For an idea, one of the college homework assignments had so many wires in a close enough space that you couldn't reach the breadboard and chips underneath and had to sort of thread the rest of them down with your eyes.  That was at a lower level than a microcontroller, and microcontrollers do greatly simplify circuitry.  But there is a genuine scaling problem that doesn't apply to programming which is why most of us who consider the hardware path abandon it quickly.

Do the exact opposite of whatever camlorn advises

2021-02-21 17:39:54

@23
Then you go do something else.  You'll know relatively early on whether or not you're going to succeed, say within a semester or two.  There's obstacles sure, but the general tone of the environment, the requirements, all that--you'll know quickly whether it's going to be specific things like "what am I doing about Calculus" or a general thing like "I wasn't ready for this yet".

But as I've said, you don't have to do programming.  It's a good field, if you can get in you're set.  But if it's not for you, or if you've got something else you want to do, or whatever, go do that.  In your case the key thing isn't doing a specific thing, it's learning not to flail around and hold yourself to such a high standard that success isn't possible.

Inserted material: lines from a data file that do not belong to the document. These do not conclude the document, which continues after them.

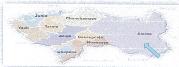
Figura 3. Mapa de ubicación del Distrito de río tambo
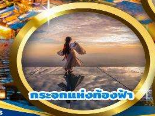
กระโจมห้องท้องฟ้า
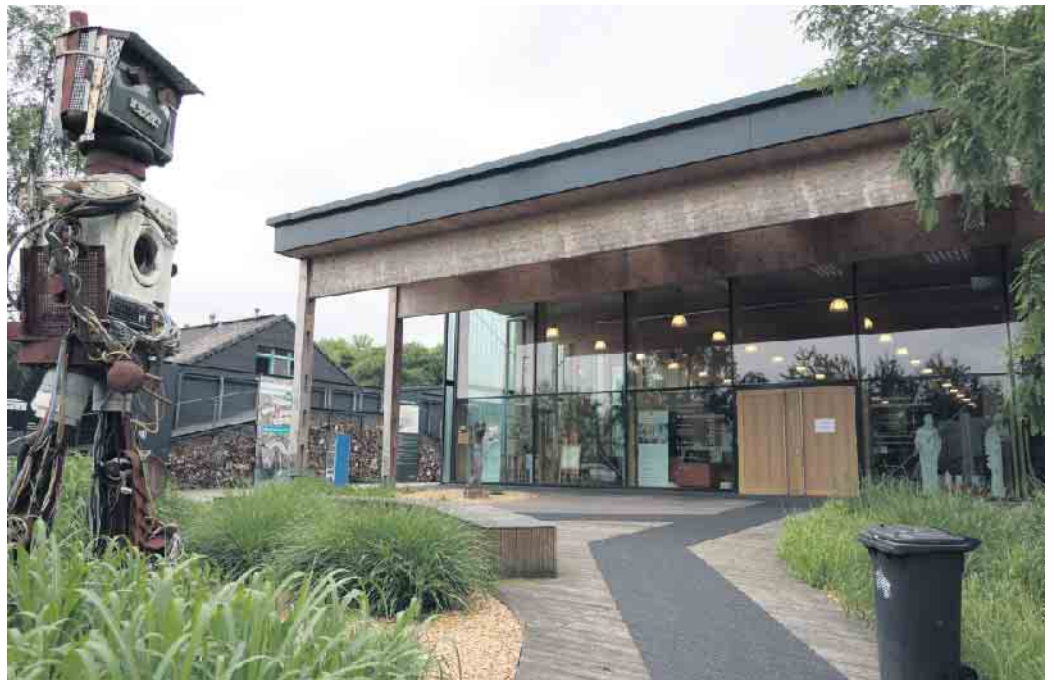
Im Energiekompetenzzentrum auf :metabolon informieren Fachleute über das richtige Heizen mit Holz.

Oberbergischer Kreis. Zum Beginn der Heizsaison lädt der Oberbergische Kreis zu einer Informationsveranstaltung zum Thema „Richtig Heizen mit Holz“ ein. Die Veranstaltung findet in Kooperation mit Wald und Holz NRW, der Schornsteinfegerinnung, dem Rheinisch-Bergischen Kreis und :metabolon statt. Am Donnerstag, 10. Oktober, von 18 bis 20 Uhr, auf :metabolon in Lindlar. Die Organisatoren wollen mit diesem Angebot das Bewusstsein für die Nutzung der Ressource Holz schärfen und wertvolle Tipps für ein effizientes und umweltschonendes Heizen vermitteln. Ofenbesitzerinnen und Ofenbesitzer haben die Gelegenheit, von den Fachkenntnissen der Expertinnen und Experten zu profitieren. Dabei gibt es spannende Beiträge von Wald und Holz NRW zum Thema „Ressource Holz“ sowie aktuelle Informationen zu „Gesetzesneuerungen für Einzelfeuerstellen“ von der Schornsteinfeger-Innung Köln. Im Anschluss wird eine Fragerunde angeboten. In die Praxis geht es dann bei einer Heizvorführung
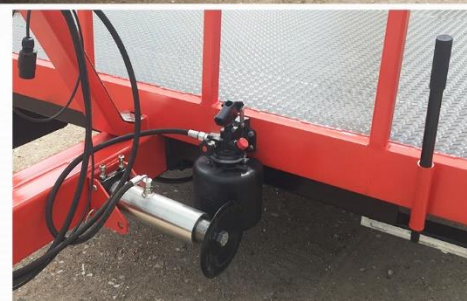
Dim. : 5m00 x 2m54, Rampes plancher Bois Guide Chenille, Béquille latérale & Pompe à main, Fer plat sur rive...
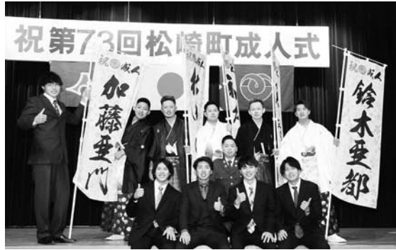
会場のあちこちで記念写真
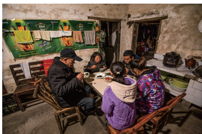
每日的晚餐一家人祖孙三代齐聚,这也是现代社会不多见的幸福生活。
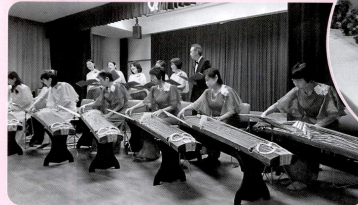
川の流れのように～♪
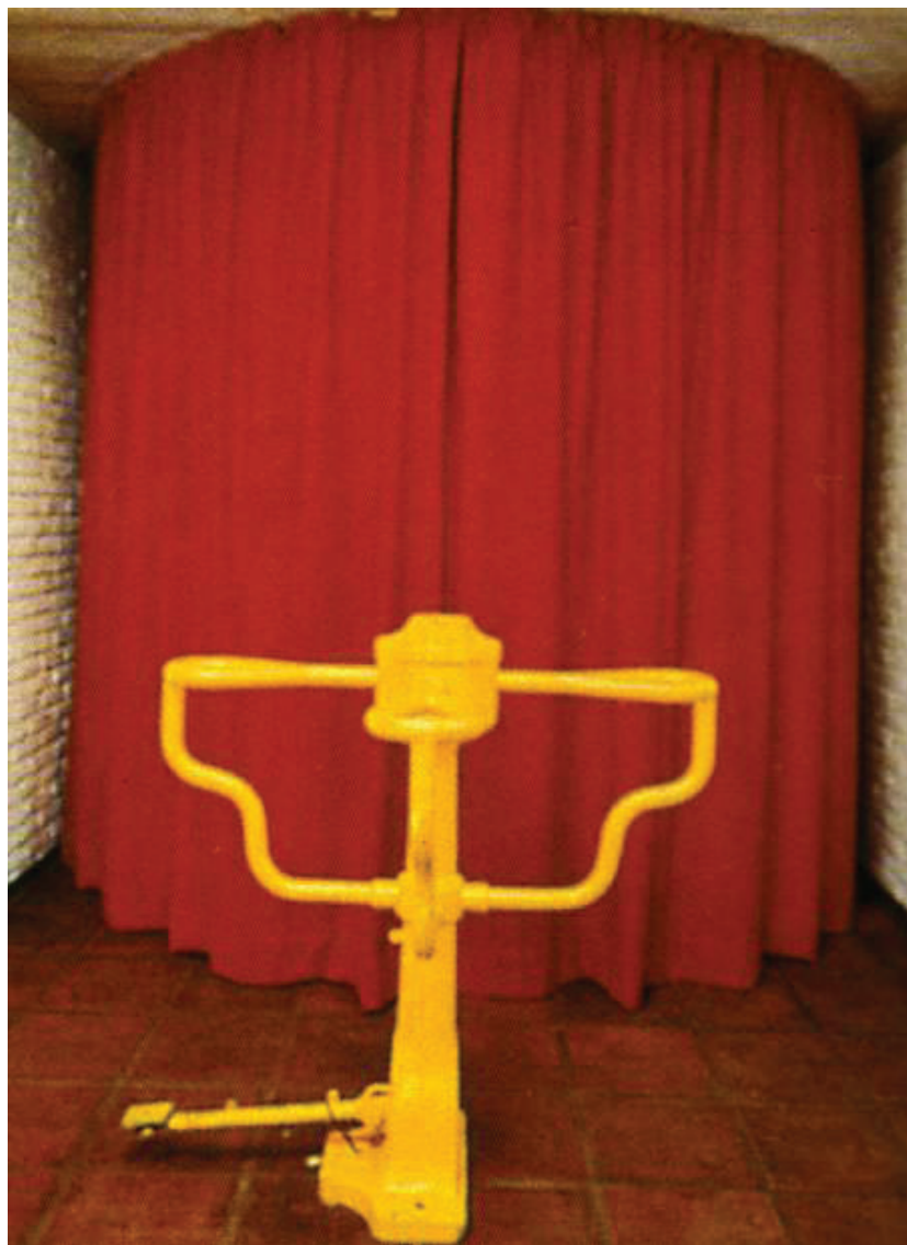
Adoração ou Altar para Roberto Carlos , Nelson Leirner, 1966, instalação (detalhe externo)

Da mesma forma que o “porco”, a crítica ao estatuto do artístico parece ter se tornado a vocação de outras obras de Leirner. Quando fora exposta na mostra “Nova Objetividade Brasileira”, em 1967, no Rio de Janeiro, Adoração também se propunha crítica às instituições da arte, que executavam, a seu modo, segundo Leirner, maneiras de excluir o público da dimensão estética da arte. A catraca vinha não apenas denunciar uma iconização de Roberto ou, talvez, a própria lógica mercadológica do mercado religioso de bens simbólicos, como também salientava o sentido de bem-capital que a arte havia adquirido após a constituição do the dealer-critic system . 30
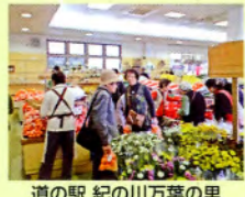
道の駅 紀の川万葉の里 ☎0736-22-0055
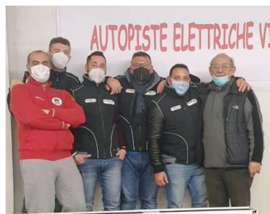
Gli amici di Sciaccia
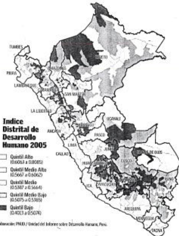
Elaboración: PNUD / Unidad de Informe sobre Desarrollo Humano, Perú.

Fuente: INEI, Censos Nacionales 2005, Censos de Población y Vivienda 2005, Encuesta de Desarrollo Humano 2005.
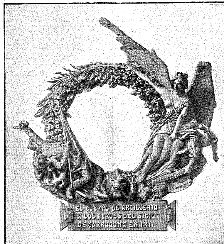
Corona ofrecida por el Cuerpo de Artillería á la memoria de los héroes del Sitio.

El Ayuntamiento de Tarragona, por último, ha expresado de oficio á la Comisión del Cuerpo de Artillería la gratitud que le ha merecido la cooperación de nuestra Arma al brillante resultado de las fiestas que acabamos de reseñar ligeramente, cumplimentando así un acuerdo adoptado unánimemente por dicha Corporación municipal en sesión de 14 de julio próximo pasado.
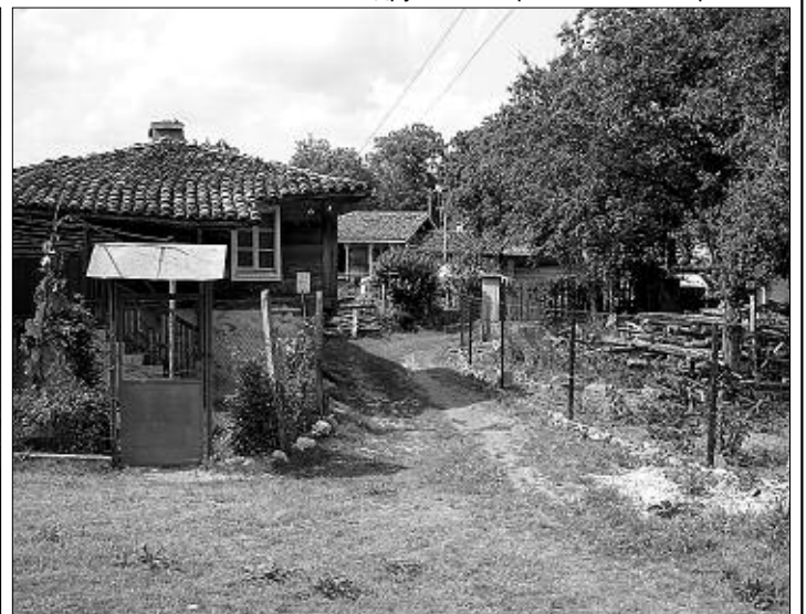
Болгарская деревня: не парадный вход.
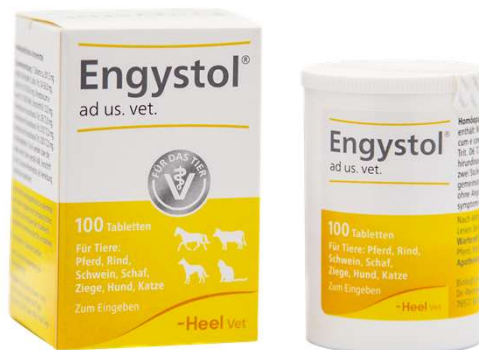
ENGYSTOL X 100 TAB Llega primera semana de julio

Lote: 99145-99049 / SKU: V100382-V100383
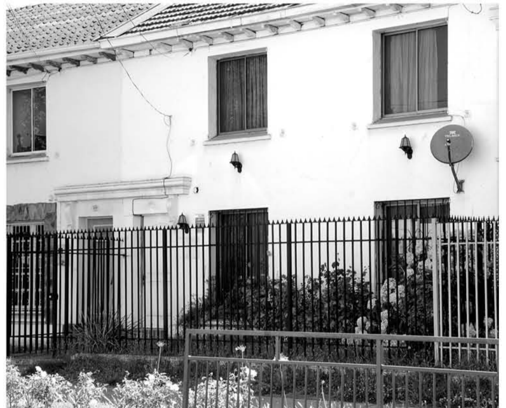
DESDE EL 1 DE ENERO cerró las puertas la oficina parlamentaria del senador Víctor Pérez Varela, quien según trascendidos abrirá en Ñuble y abarcará Biobío.

Es así como quedó la interrogante de qué pasaría con el pronto desembarco del equipo Van Rysselberghe en la zona. Al respecto, desde comunicaciones de la senadora comentaron que abrirían una oficina en Los Ángeles pero no en un futuro cercano sino más bien en algún momento del año, ya que desarmar estos recintos no era fácil en términos administrativos y aún había personas contratadas en la oficina de
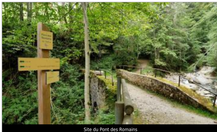
Site du Pont des Romains
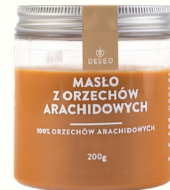
MASŁO Z ORZECHÓW ARACHIDOWYCH 100%
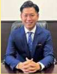
豊見城市長 徳元 次人
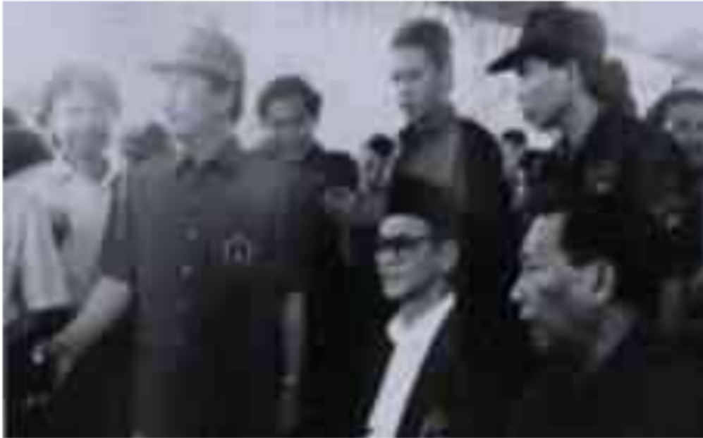
Gambar 33. Ketua Umum PPP dalam Kampanye Pemilu 1992 di Lapangan Nigata Plaju

Menjelang Pemilihan Umum 1992, mulai banyak kritik yang muncul bahwa para calon anggota DPRD Provinsi Sumatera Selatan tersebut, kurang mencerminkan aspirasi dan kepentingan rakyat di daerah pemilihnya. Sehingga hanya mewakili kepentingan golongan maupun partainya sendiri.
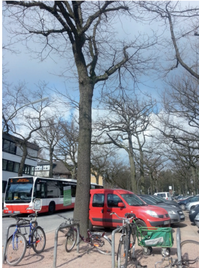
Abb. 1: Nutzungsdruck von Straßenbäumen am Borgweg

Die Mehrzahl der Deutschen lebt schon jetzt in Städten und erwartet eine gute Daseinsvorsorge und hohe Mobilität mit ÖPNV, Fahrrad und PKW. Auch Hamburg wächst und hat sich dabei für die Innenverdichtung entschieden. Damit konkurrieren die Bäume stets um den gleichen Raum mit allen baulichen Veränderungen. Straßen- und Radwegeausbau, Busbeschleunigung, Streckenausbau des ÖPNV, neue Versorgungstrassen für Wasser, Gas, Strom oder Internet und die
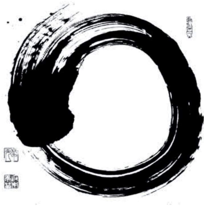
Kalligraphie von Sanae Sakamoto, © by Sanae Sakamoto

I would love to tell you that your worries are unfounded and that you're going to do great.  From what I've seen it's possible for you.  But it's not unreasonable to consider failure.  The healthy thing, at least in my opinion, is to consider failure but not to the degree that you never do anything.  If failing at CS specifically is freaking you out but there's 5 other things where that doesn't happen, then maybe CS isn't for you.  In terms of what you can do with your life, CS is high risk high reward.  Chasing something low risk but low reward is always an option.  But if it's everything that's scaring you that much, that's where it becomes a real problem.

However, in terms of the programming itself I've worked with at least 2 coders making 6 figures who were both worse than you.

@24
If you have some way to make high level electronics accessible to the blind to a degree in which we can compete professionally, do tell.  Otherwise I hope that's sarcasm.